§ **Exercise brief**
Only the lines from the one bearing "Port A Width, Port A Depth에 각각 8을 기입합니다." through the end of the entries should be output, exactly as they stand, and pictures should be skipped.

··· Data supplied ···

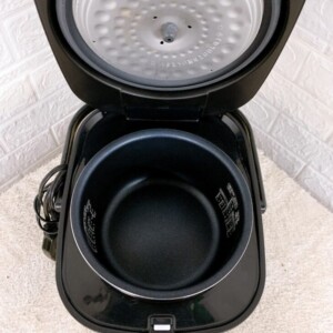 内部の釜・天面ともに傷や焦げ付きがほとんど見られず、全体的にきれいな状態でした。動作確認も問題なく、付属の内釜や電源コードも揃っておりました。
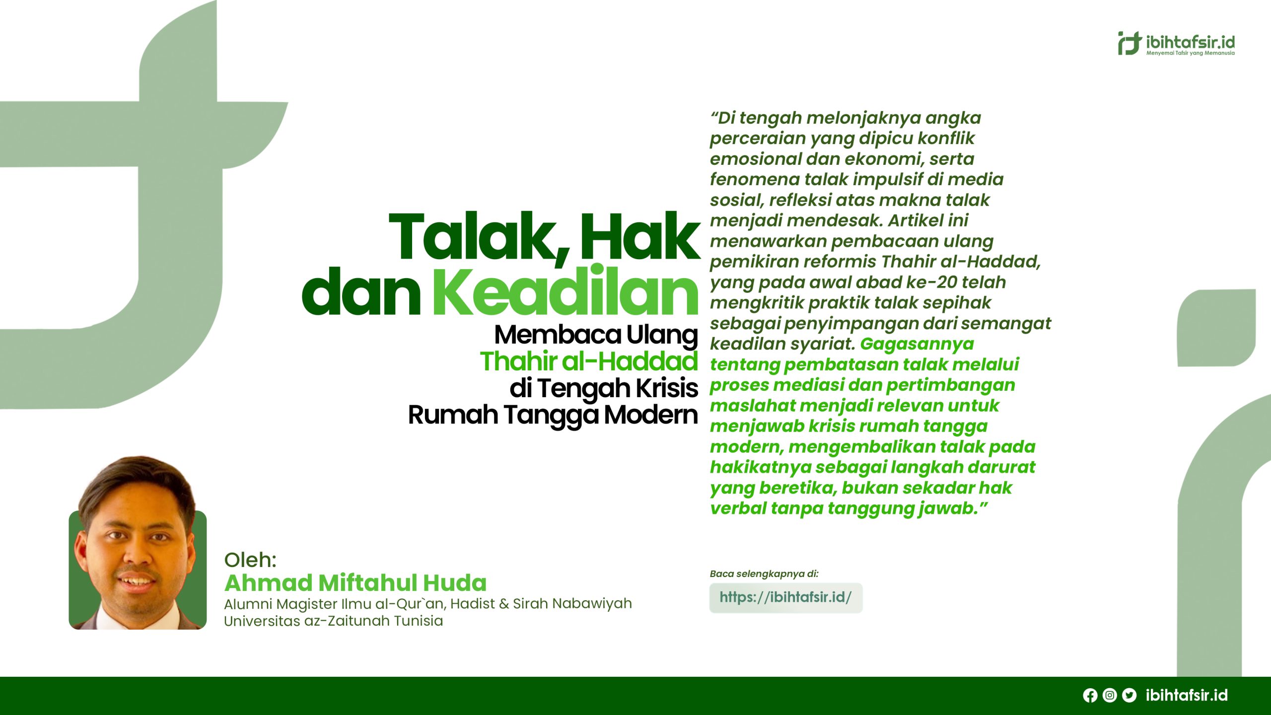 Untuk menjawab pertanyaan tersebut, kita perlu merujuk pada pemikiran reformis Islam awal abad ke-20, yaitu Thahir Haddad, seorang intelektual Tunisia yang visioner. Melalui karyanya yang monumental, Imra’atuna fi asy-Syari‘ah wal-Mujtama‘ (Perempuan Kita dalam Syariat dan Masyarakat), Haddad menawarkan bacaan ulang tentang hak talak dan keadilan gender dalam keluarga. Artikel ini akan mengeksplorasi gagasan Haddad sebagai pijakan untuk mereformasi pemahaman talak di tengah krisis rumah tangga modern, dengan fokus pada aspek etis, sosial, dan hukum.
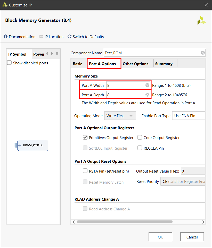 Port A Width, Port A Depth에 각각 8을 기입합니다.
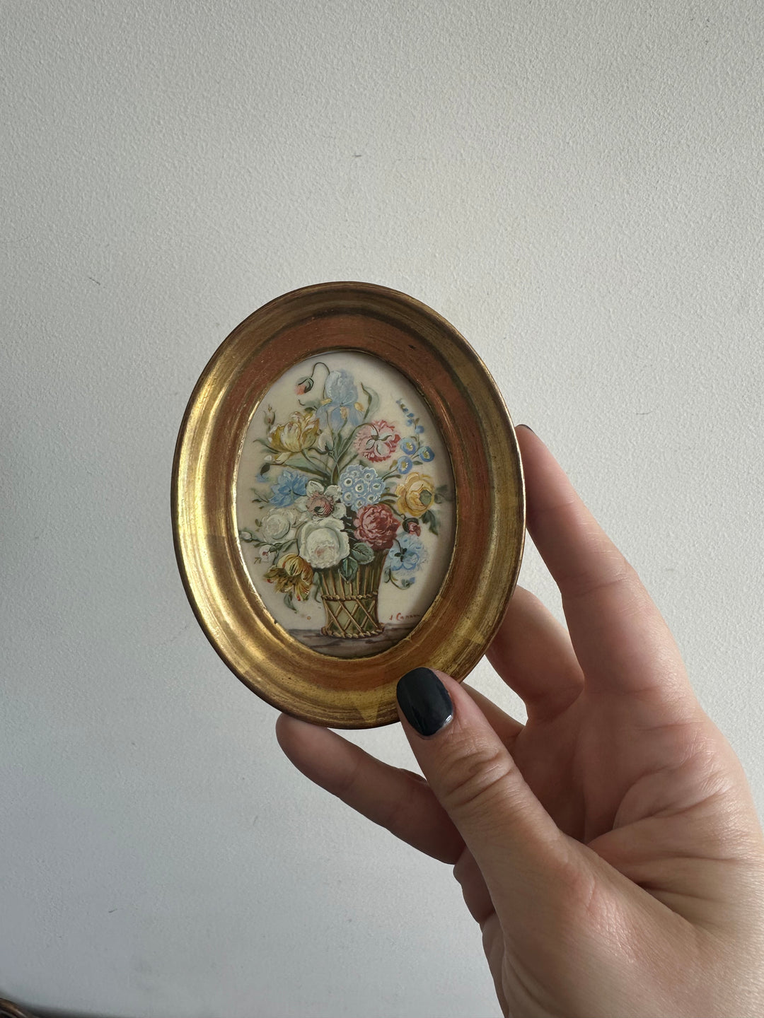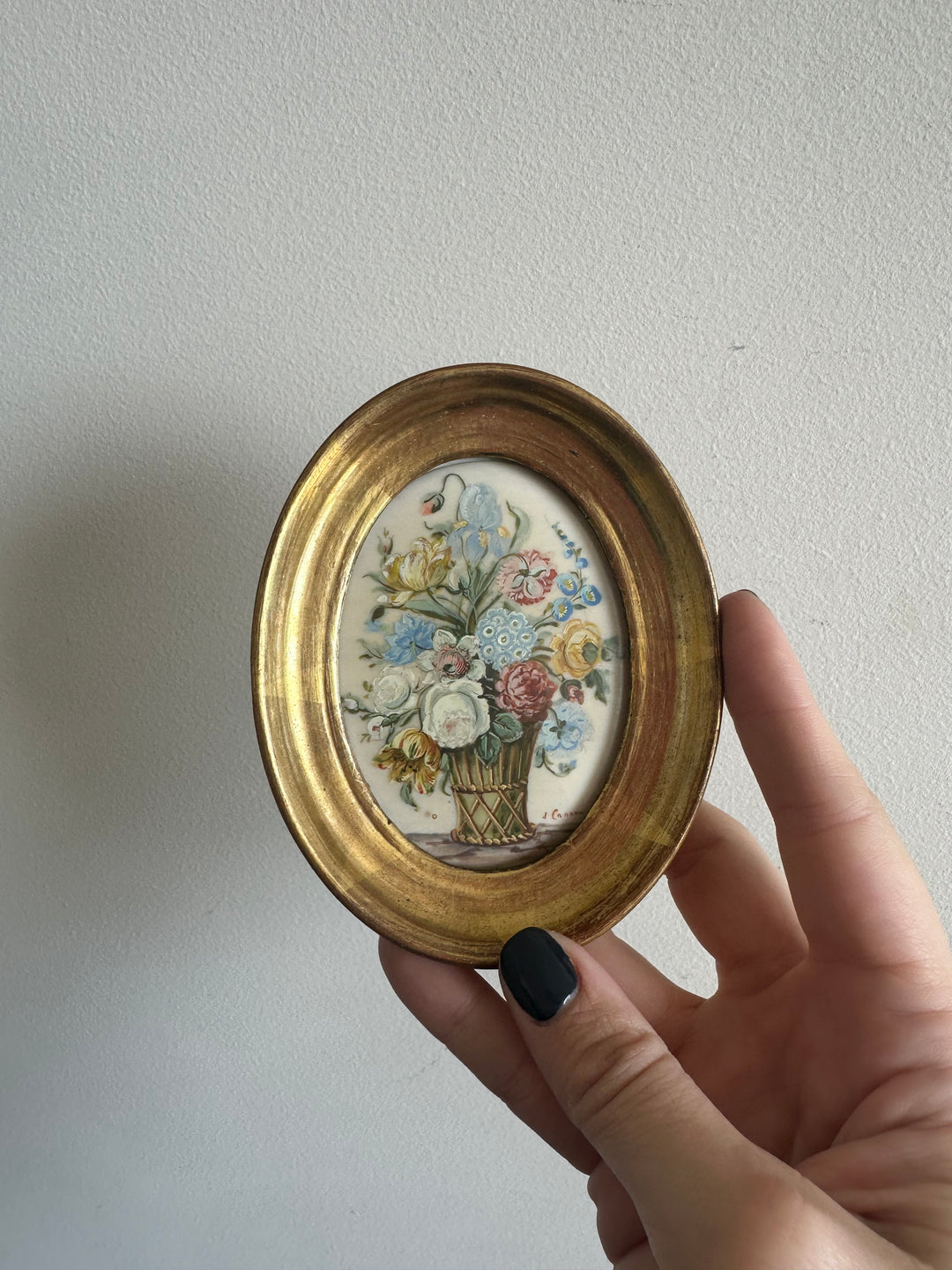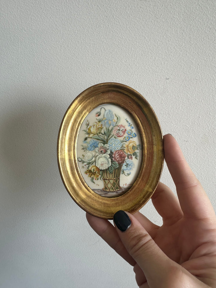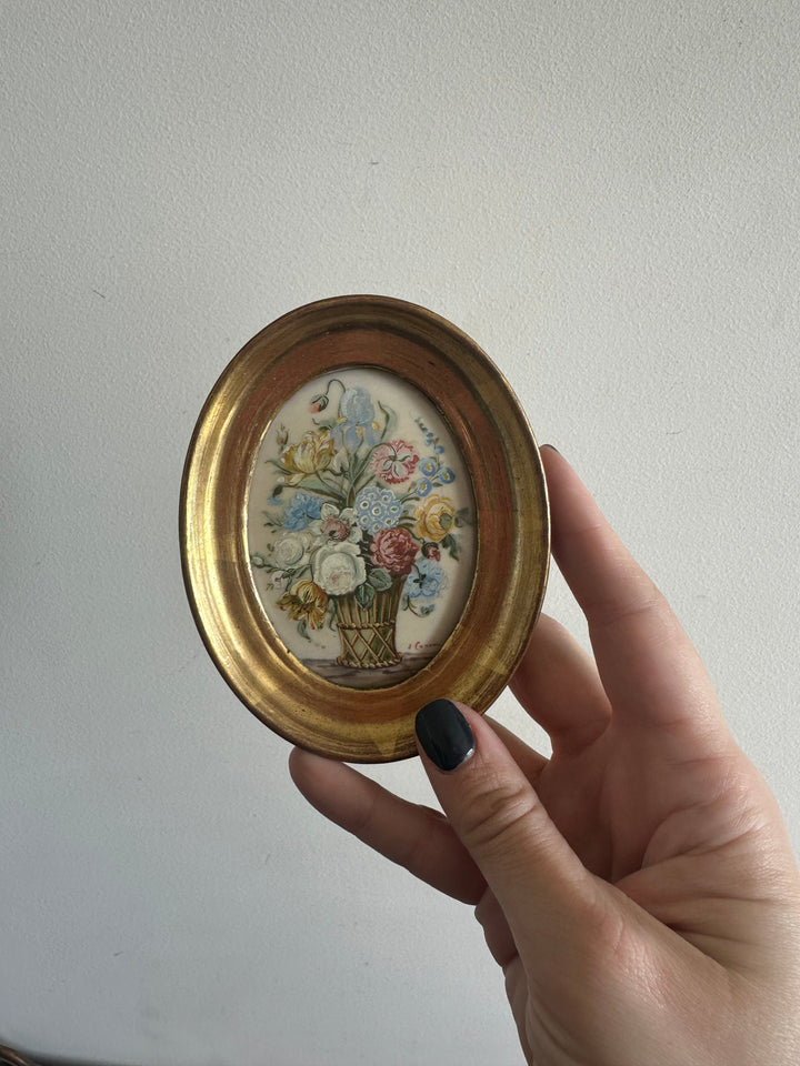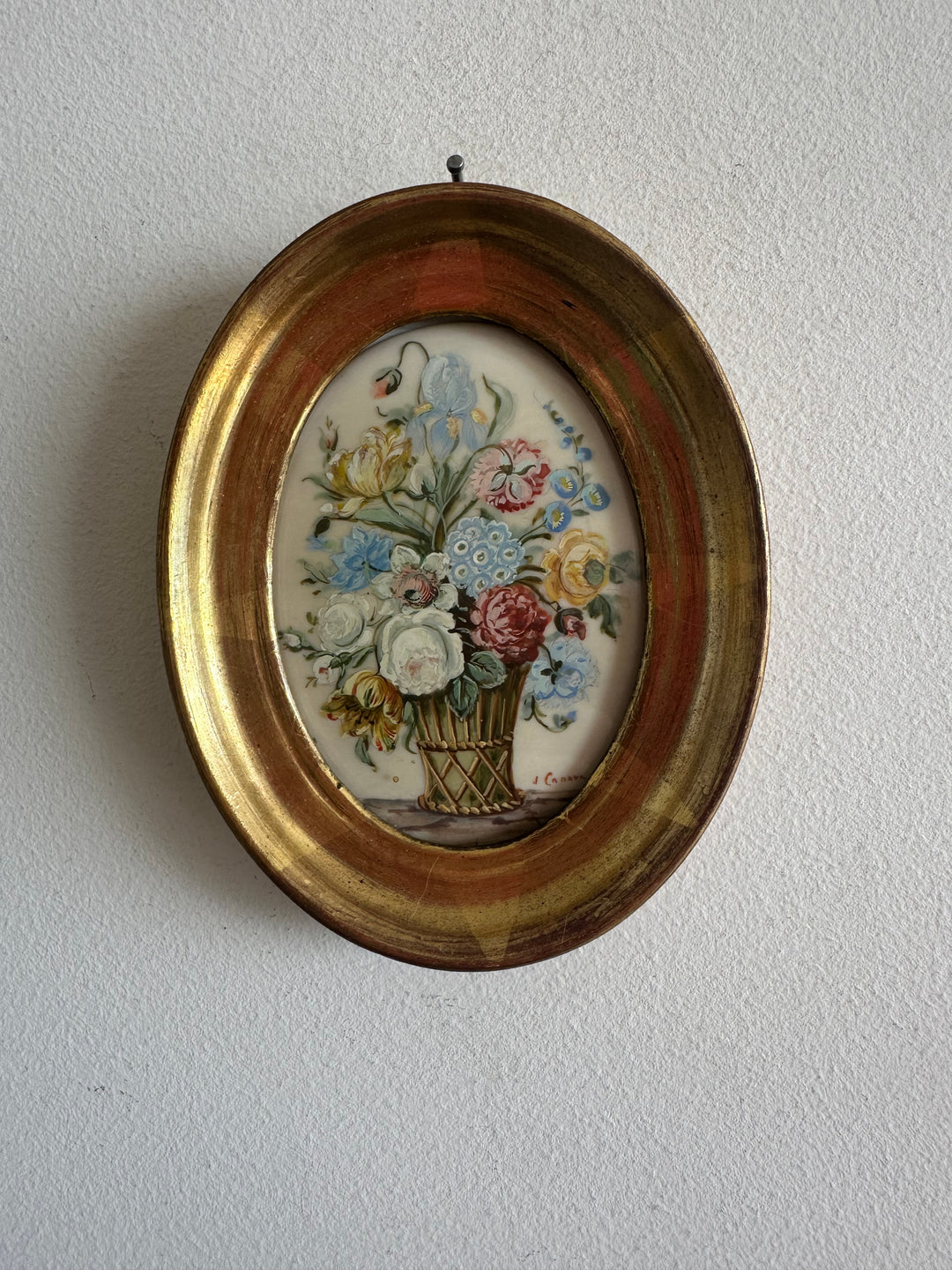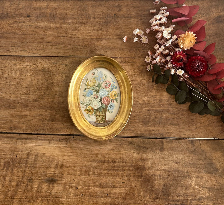 Bouquet de fleurs signé peint sur ivoire cadre ovale doré à la feuille d'or
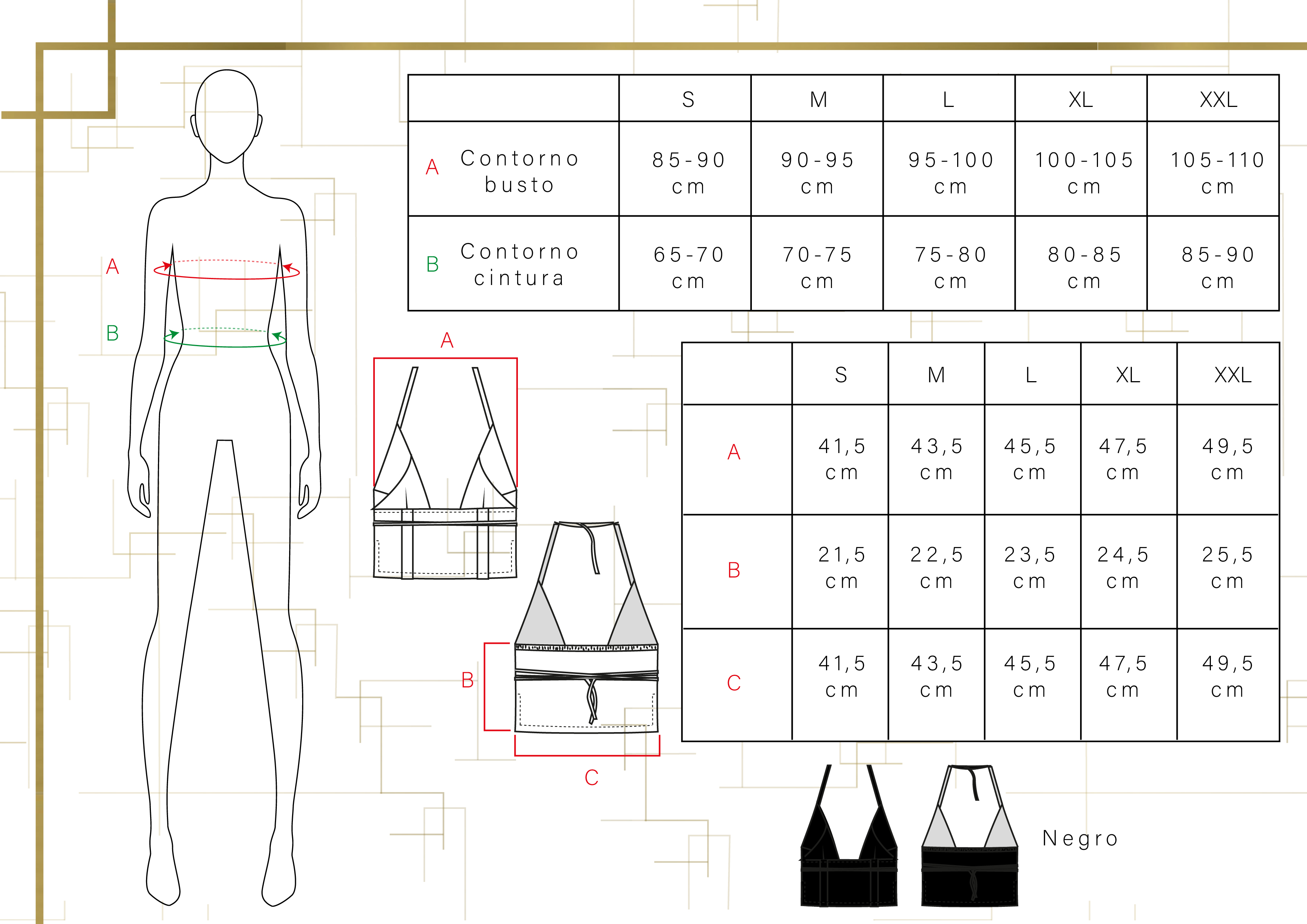 La modelo está usando un talle S y tiene un contorno de busto de 82 cm.
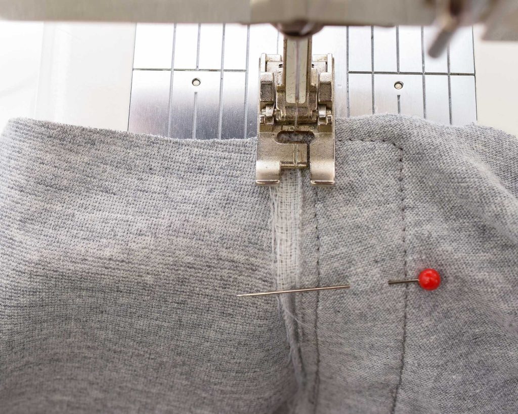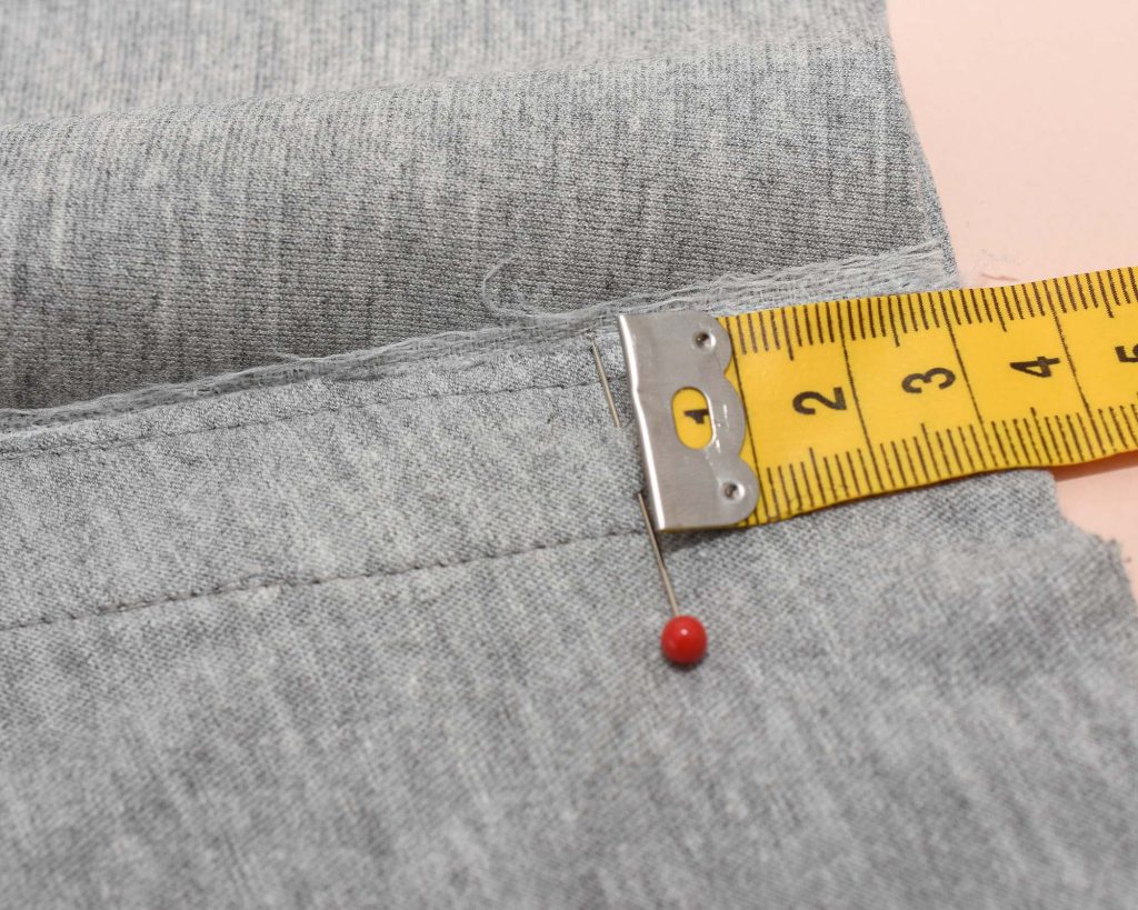 Measure and mark the seam length. The distance from the waistline should be around 3 cm (1¼”). Place a pin where the seam should end.

···

§ **Task response**
 Port A Width, Port A Depth에 각각 8을 기입합니다.
 Bouquet de fleurs signé peint sur ivoire cadre ovale doré à la feuille d'or
 La modelo está usando un talle S y tiene un contorno de busto de 82 cm.
 Measure and mark the seam length. The distance from the waistline should be around 3 cm (1¼”). Place a pin where the seam should end.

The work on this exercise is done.